Your output should be the lines below from the one with "以上为Be there英文缩" through the one with "The grid position", copied exactly, pictures excluded.

** Entries provided follows **

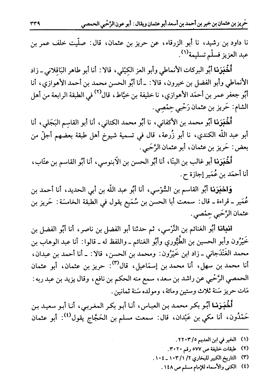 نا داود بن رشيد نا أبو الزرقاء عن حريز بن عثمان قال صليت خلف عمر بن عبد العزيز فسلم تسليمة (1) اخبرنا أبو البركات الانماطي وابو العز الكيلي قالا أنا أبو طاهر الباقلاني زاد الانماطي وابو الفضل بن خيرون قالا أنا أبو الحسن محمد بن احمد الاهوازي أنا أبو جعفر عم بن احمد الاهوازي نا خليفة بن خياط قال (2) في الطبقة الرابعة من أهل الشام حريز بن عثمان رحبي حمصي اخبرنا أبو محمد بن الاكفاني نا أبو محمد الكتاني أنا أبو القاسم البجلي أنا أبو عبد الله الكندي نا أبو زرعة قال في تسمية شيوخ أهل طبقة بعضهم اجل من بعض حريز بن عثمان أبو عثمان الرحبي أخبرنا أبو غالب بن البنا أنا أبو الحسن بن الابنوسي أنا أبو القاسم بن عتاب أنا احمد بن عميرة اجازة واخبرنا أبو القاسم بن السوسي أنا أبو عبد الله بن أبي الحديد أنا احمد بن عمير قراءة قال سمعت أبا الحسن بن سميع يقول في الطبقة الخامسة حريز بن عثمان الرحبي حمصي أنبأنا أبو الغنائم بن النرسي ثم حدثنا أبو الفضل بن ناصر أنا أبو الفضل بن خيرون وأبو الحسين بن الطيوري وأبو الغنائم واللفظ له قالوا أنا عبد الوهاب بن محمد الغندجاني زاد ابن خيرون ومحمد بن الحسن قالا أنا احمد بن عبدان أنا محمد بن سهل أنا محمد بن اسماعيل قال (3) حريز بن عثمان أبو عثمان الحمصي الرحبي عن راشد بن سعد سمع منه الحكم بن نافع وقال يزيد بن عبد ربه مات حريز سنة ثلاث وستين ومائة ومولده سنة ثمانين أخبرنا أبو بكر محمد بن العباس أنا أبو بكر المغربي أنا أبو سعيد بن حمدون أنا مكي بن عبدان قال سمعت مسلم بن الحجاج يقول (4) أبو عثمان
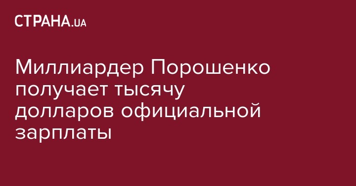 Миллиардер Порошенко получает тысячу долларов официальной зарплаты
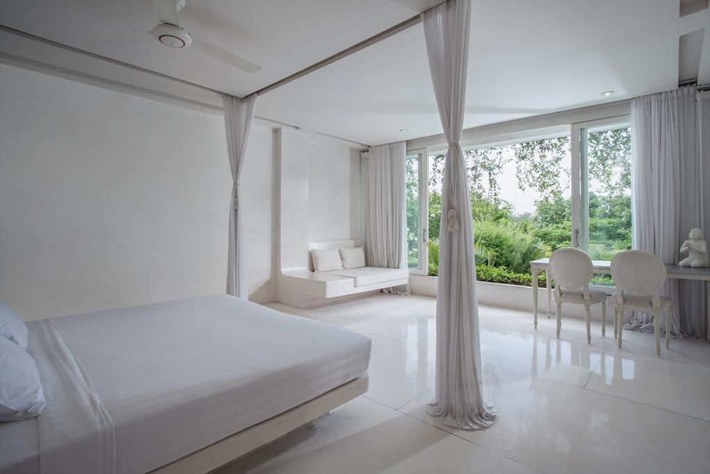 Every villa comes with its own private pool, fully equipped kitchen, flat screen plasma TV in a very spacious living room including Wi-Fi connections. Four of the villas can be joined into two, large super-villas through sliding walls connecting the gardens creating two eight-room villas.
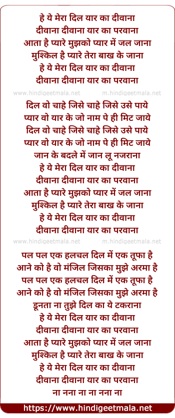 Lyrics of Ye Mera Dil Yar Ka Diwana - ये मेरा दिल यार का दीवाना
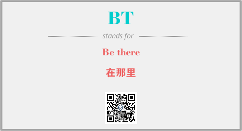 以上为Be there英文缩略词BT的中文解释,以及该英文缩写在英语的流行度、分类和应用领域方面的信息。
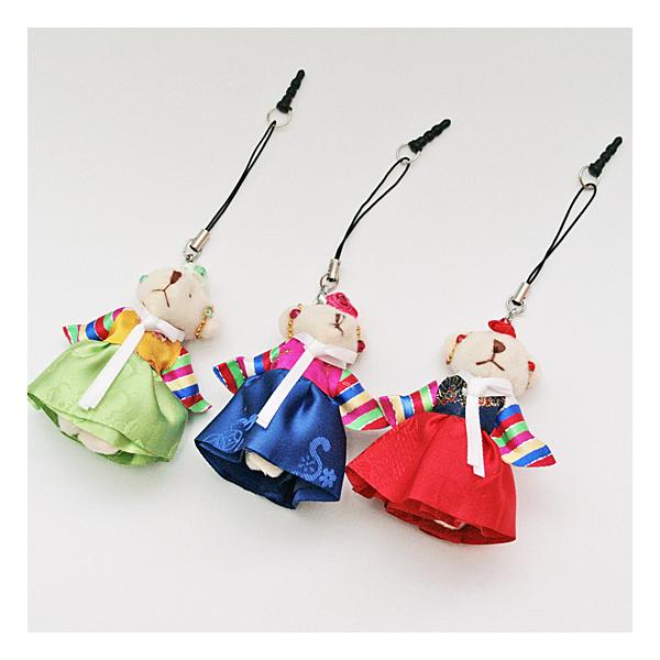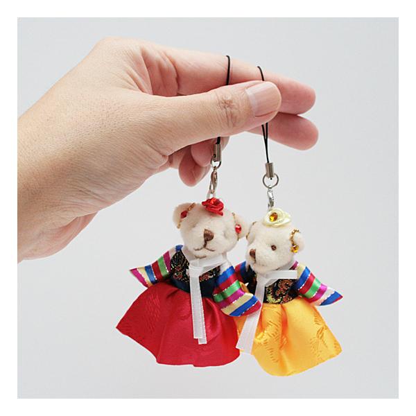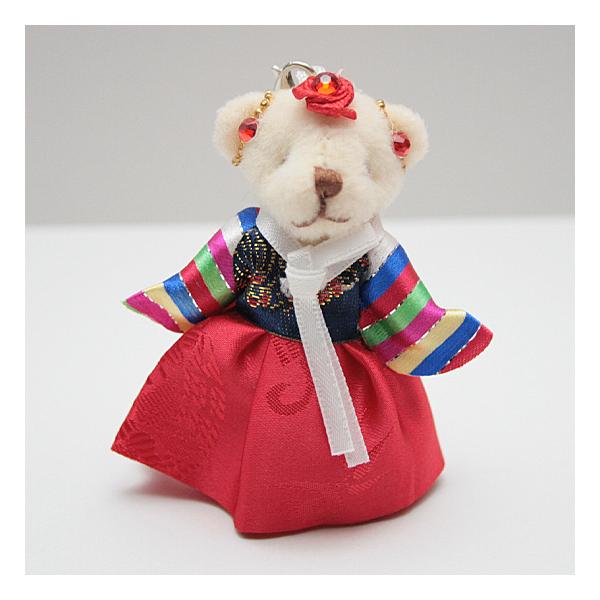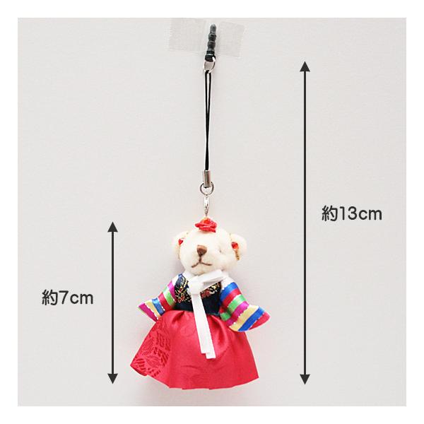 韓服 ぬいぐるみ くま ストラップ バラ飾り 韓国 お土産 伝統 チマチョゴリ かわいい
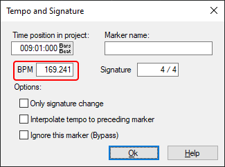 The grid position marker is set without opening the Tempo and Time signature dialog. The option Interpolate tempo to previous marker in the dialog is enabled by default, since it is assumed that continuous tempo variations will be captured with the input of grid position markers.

** End of Entries provided **
** Entries provided follows **

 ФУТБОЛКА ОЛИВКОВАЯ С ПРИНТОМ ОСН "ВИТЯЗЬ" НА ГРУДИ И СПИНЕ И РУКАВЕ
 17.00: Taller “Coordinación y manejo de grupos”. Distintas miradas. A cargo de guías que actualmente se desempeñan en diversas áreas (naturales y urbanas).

** End of Entries provided **

Solution =>
 以上为Be there英文缩略词BT的中文解释,以及该英文缩写在英语的流行度、分类和应用领域方面的信息。
 韓服 ぬいぐるみ くま ストラップ バラ飾り 韓国 お土産 伝統 チマチョゴリ かわいい
 The grid position marker is set without opening the Tempo and Time signature dialog. The option Interpolate tempo to previous marker in the dialog is enabled by default, since it is assumed that continuous tempo variations will be captured with the input of grid position markers.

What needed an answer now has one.